July 14, 201510 yr unRAID OS Version: 6.0.0 Description: often enHTTP will return a 200 OK message for pages that dont exist. On first glance it seems to stem from case sensitivity. How to reproduce: http://server/nothere.asp = 404 http://server/Nothere.asp = 200 Expected results: In all cases when a page is not found a 404 must be returned. Actual results: 200 OK message and unexpected page content Other information: None
July 14, 201510 yr It's because if the 'path' component of the URL starts with a capital letter it's assumed to be a "page" reference. emhttp performs a translation: p = path component of URL if (first character of p is upper case) then GET template.php?path=p else GET p When php processes 'template.php' it uses the 'path' query variable to determine which page to render inside the 'content' division of the webGui page. If 'page' does not exist, then you just get a header and footer returned with 200 status. This is simple and fast, and not sure it's worth fixing/changing.
July 14, 201510 yr Author I humbly suggest it is very much worth fixing. RFC requires 404s and madness lies within not following RFC standards for something as fundamental as HTTP. Its the foundation of everything and user to devs to clients all assume and require it works and weird things can happen when they dont.
July 14, 201510 yr I humbly suggest it is very much worth fixing. RFC requires 404s and madness lies within not following RFC standards for something as fundamental as HTTP. Its the foundation of everything and user to devs to clients all assume and require it works and weird things can happen when they dont. Understood, but we're not talking about a "normal" website, it's a client application that uses a browser. Besides, it does return valid data, it just has null content in one of the divisions. But sure, I get your point. If it were to be "fixed" though, I don't think returning 404 is the correct response. Instead the page body should just have a message: "unknown webGui page" or something like that.

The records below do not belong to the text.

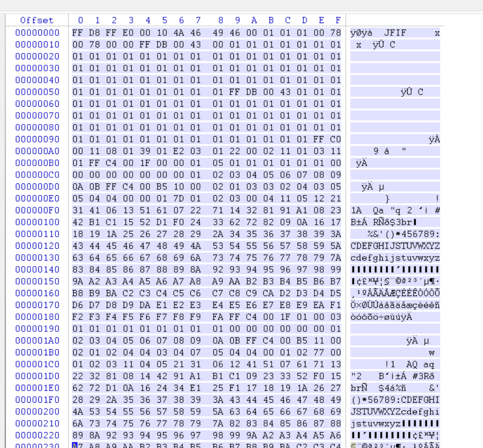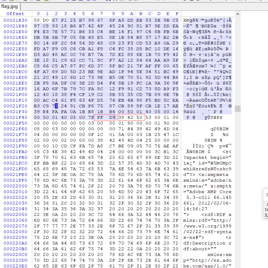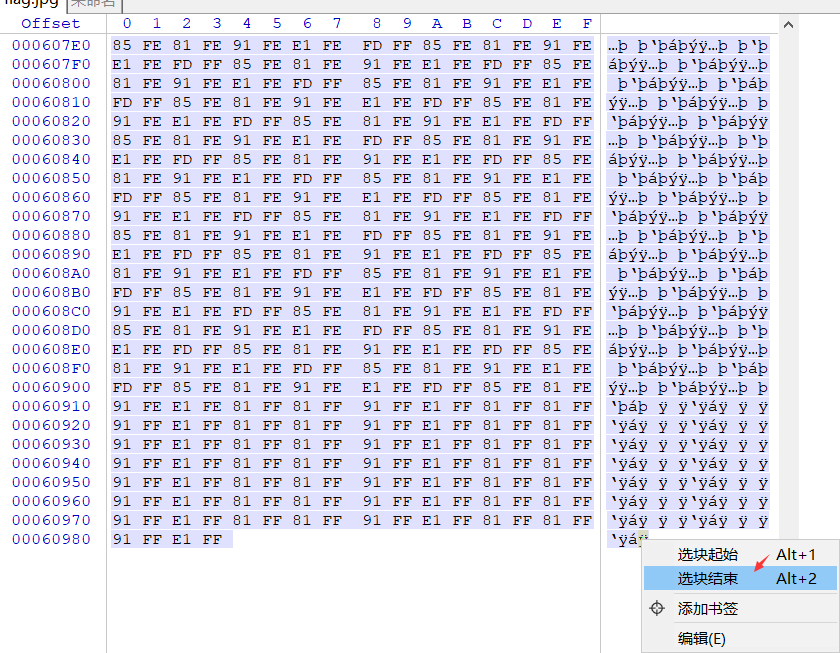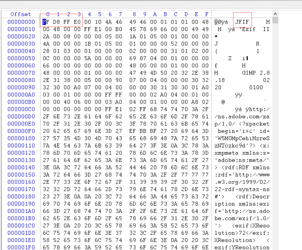 jpg图像开始标志:FF D8 结束标志:FF D9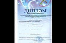 Награждена ДИПЛОМОМ Лауреата III степени Елистратова Полина за участие в Международном фестивале-конкурсе детских, юношеских, молодежных и взрослых творческих коллективов и исполнителей "Виват, Казань!" в номинации "инструментальная музыка (фортепиано)"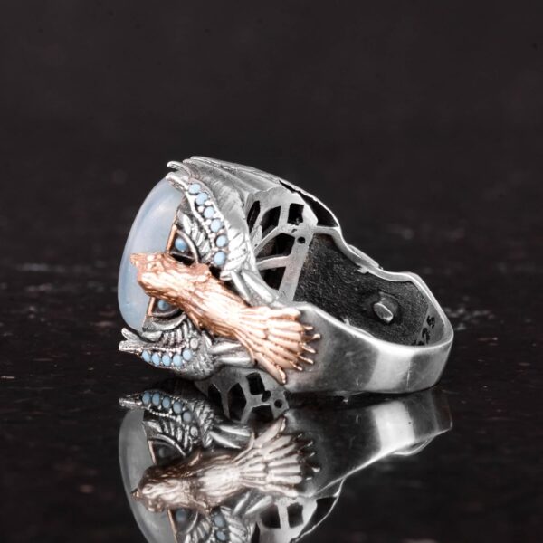 Detaylara özen gösterilerek tasarlanan bu yüzük, güç, özgürlük ve vizyonu simgeleyen karmaşık bir kartal tasarımına sahiptir. 925 ayar gümüş montajı, ona bir zarafet katmakta ve her türlü etkinlik için mükemmel bir aksesuar haline getirmektedir.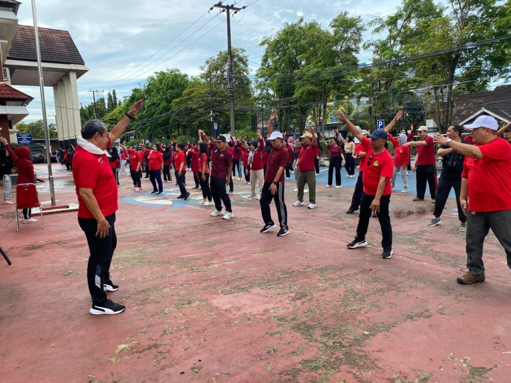 Samarinda,17 Januari 2025 bertempat pada halaman Pengadilan Negeri Samarinda. Pengadilan Tinggi Kalimantan Timur melaksanakan Senam Bersama dengan Seluruh Aparatur Pengadilan Negeri Samarinda. Senam Jantung Sehat bersama ini langsung di Instrukturkan Oleh Y.M Ketua Pengadilan Tinggi Kalimantan Timur Bapak Nyoman Gede Wirya S.H.,M.H. Senam bersama ini bertujuan agar seluruh Aparatur Pengadilan Tinggi maupun Pengadilan Negeri Samarinda memiliki jiwa dan raga yang sehat sehingga selalu dapat memberikan pelayanan yang baik dan berintegritas.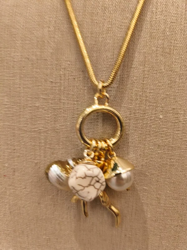 Ficha técnica: confeccionado em metal com banho dourado, corrente longa com aro central e penca de pingentes variados, incluindo pérolas artificiais e pedra natural clara rajada. Cor dourada com detalhes perolados e naturais. Origem nacional. Para conservar, evite contato com água, perfumes ou produtos químicos e guarde em caixa ou saquinho de tecido.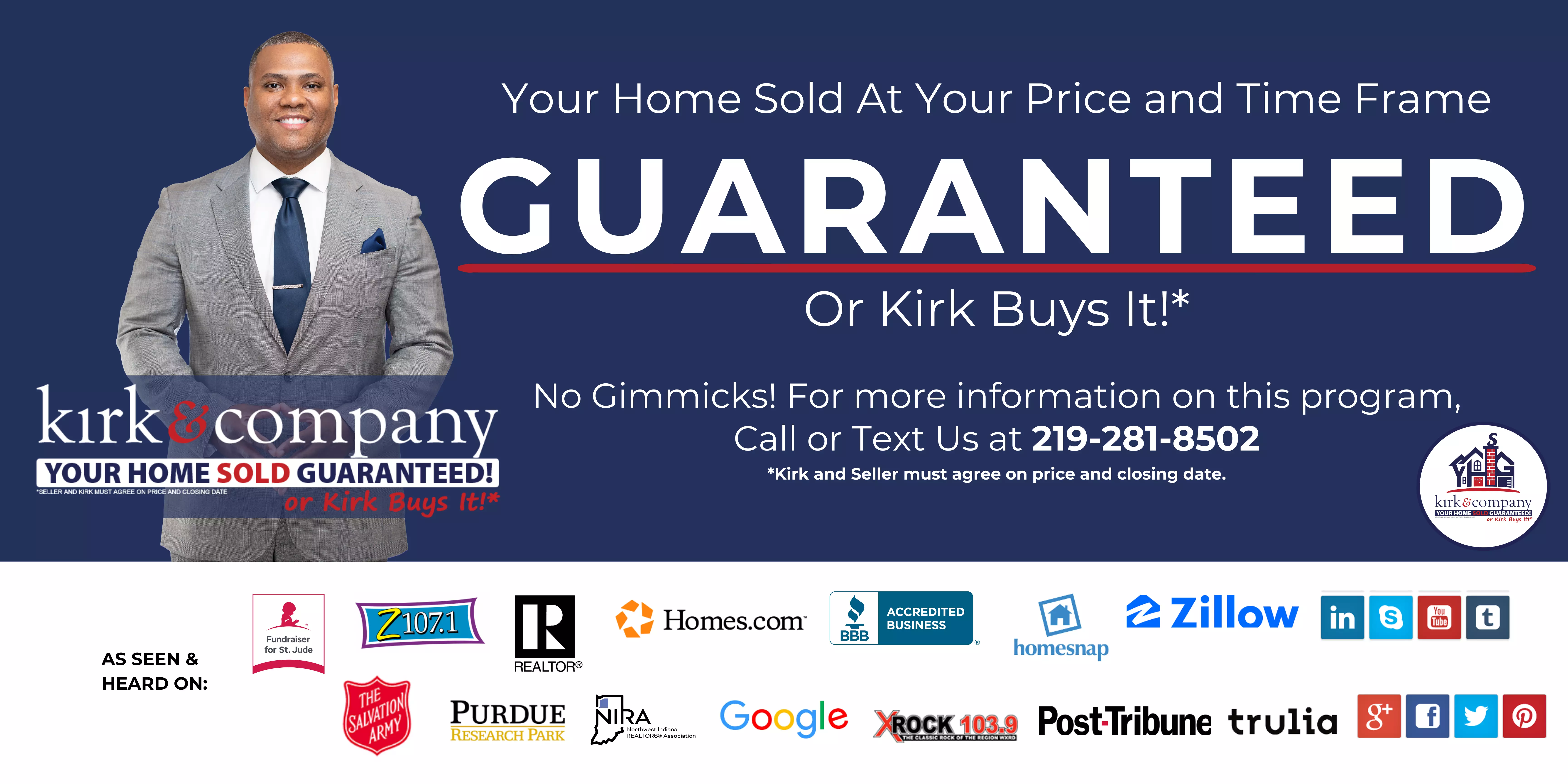 I agree to be contacted by Kirk & Company Your Home Sold Guaranteed! Or Kirk Buys It! via call, email, and text. To opt-out, you can reply 'stop' at any time or click the unsubscribe link in the emails. Message and data rates may apply. Privacy Policy & Terms of Service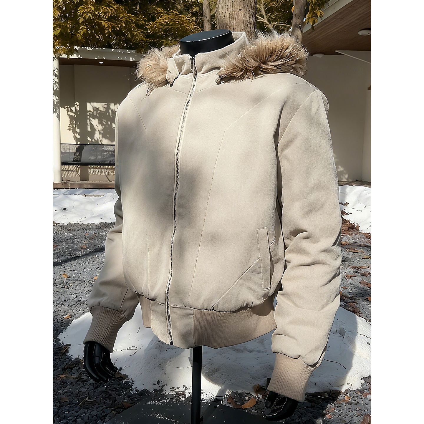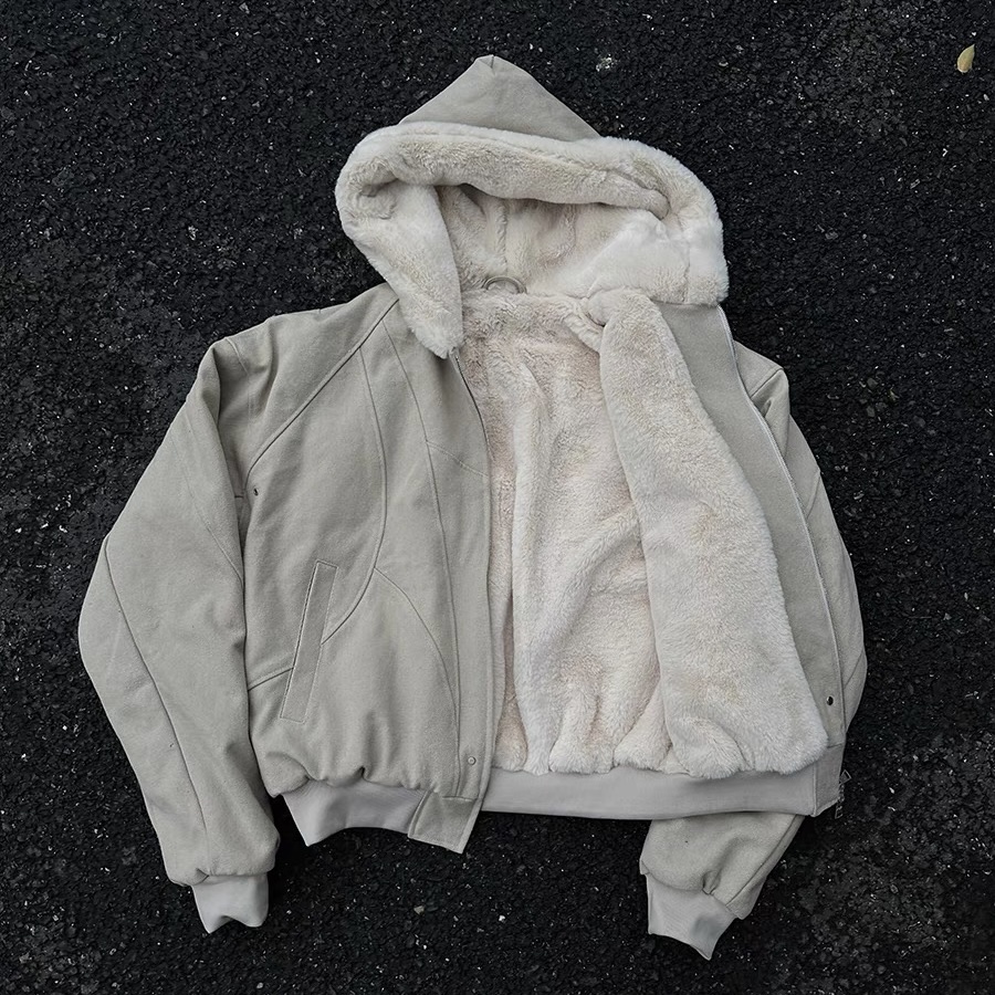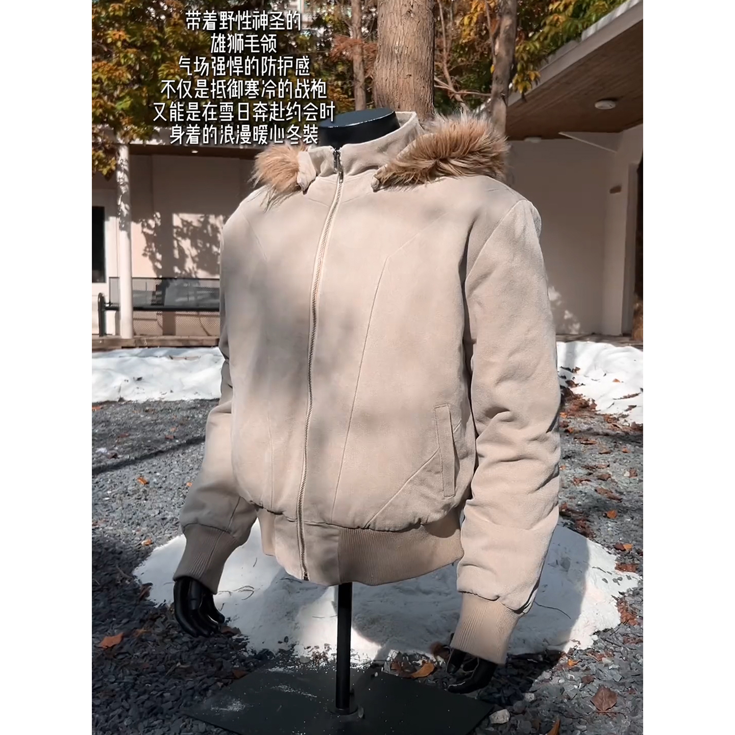银狐解构座山雕毛领棉衣男冬季加厚连帽帆布外套美式短宽夹克棉服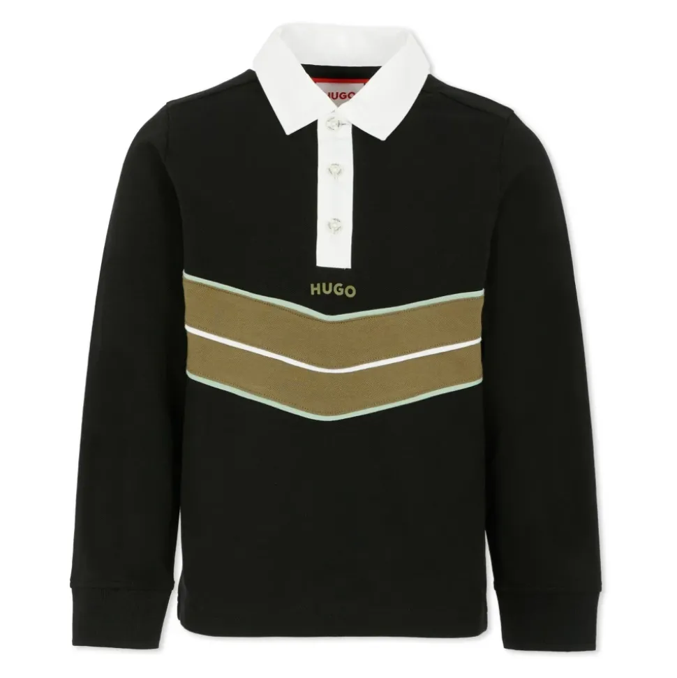 Upgrade de garderobe van je kind met deze zwarte piqué polo van Hugo. Met lange mouwen, een witte puntkraag, groene details aan de voorkant en een rubberen logo is deze polo zowel stijlvol als comfortabel. Gemaakt van 96% katoen en 4% elastaan. Machinewasbaar op 30°C.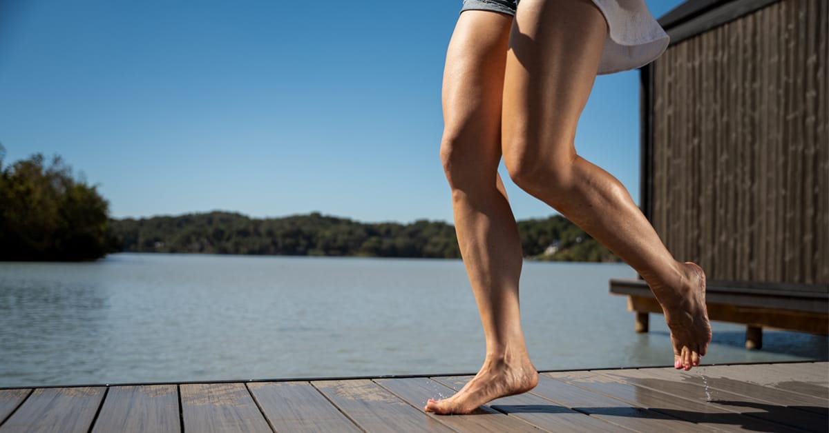 Hot summer afternoons can make conventional decking uncomfortable to walk on, especially for bare feet. Voyage deck boards are engineered with an infrared-reflective cap and a micro-embossed texture, reducing heat absorption so surfaces stay noticeably cooler underfoot. This heat resistance* helps extend the enjoyment of outdoor living throughout the hottest months.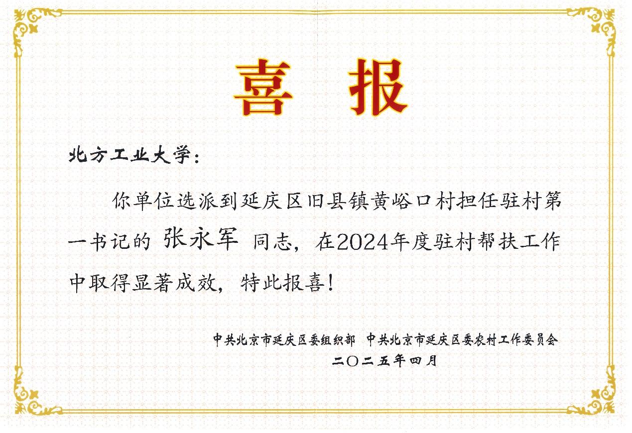 近日,延庆区委组织部、延庆区委农工委联合向伟德官网发来喜报,伟德官网选派到延庆区旧县镇黄裕口村担任驻村第一书记的张永军同志因在驻村帮扶工作中成效显著,获得表扬。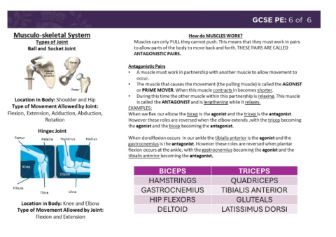 GCSE PE: 6 of 6 BICEPS TRICEPS HAMSTRINGS QUADRICEPS GASTROCNEMIUS TIBIALIS ANTERIOR HIP FLEXORS GLUTEALS DELTOID LATISSIMUS DORSI
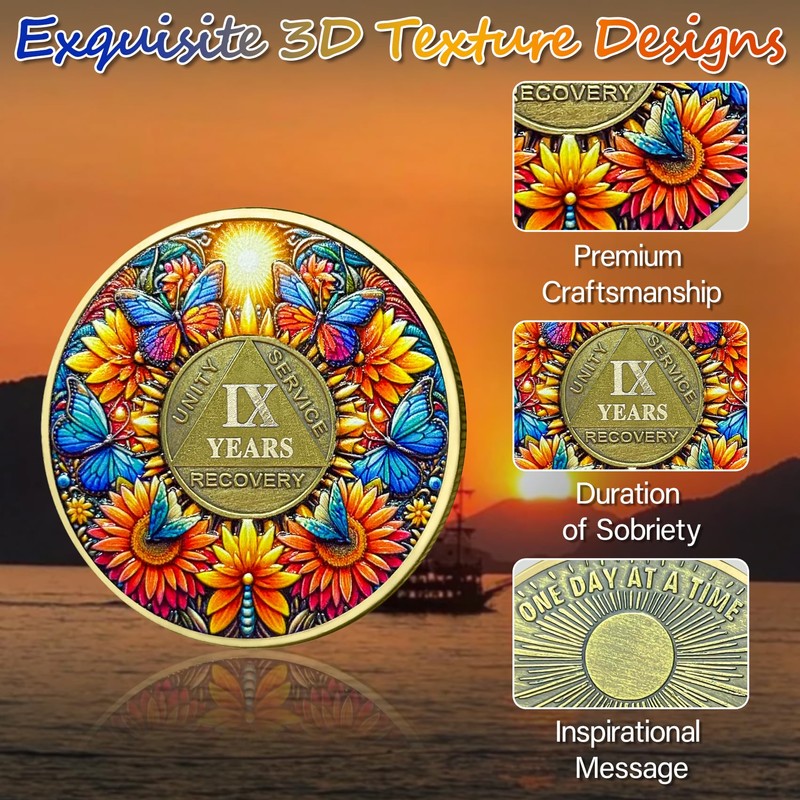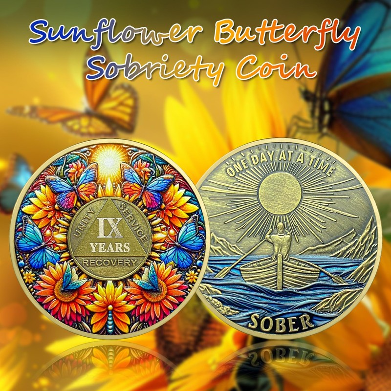- Celebrating 9 Year of Sobriety: The AA medallion is the perfect symbol for 9 year of sobriety. It features a bright sun with colorful butterflies dancing around a sunflower, symbolizing hope, rebirth, and transformation. This vibrant scene represents the journey of the recovering individual regaining freedom from adversity. and inspires continued on their path to recovery

July 14, 201510 yr Author It should definitely be a 404 that is the spec the browsers expect and are coded to understand. If it was the other way around and Chrome decided to not honour the HTTP spec we would be up in arms. I honestly think there is no wiggle room here. I cannot think of any sentence that starts with "The unRAID webgui is not RFC compliant..." that ends well. Edit: sorry for coming on strong but this is a pet hate of mine. From the security side I see this all the time and it causes me endless amounts of grief with audit fails, accreditation fails and bot escalations. Its amazingly common to ignore this or have some clever spin that doesnt cover all edge cases.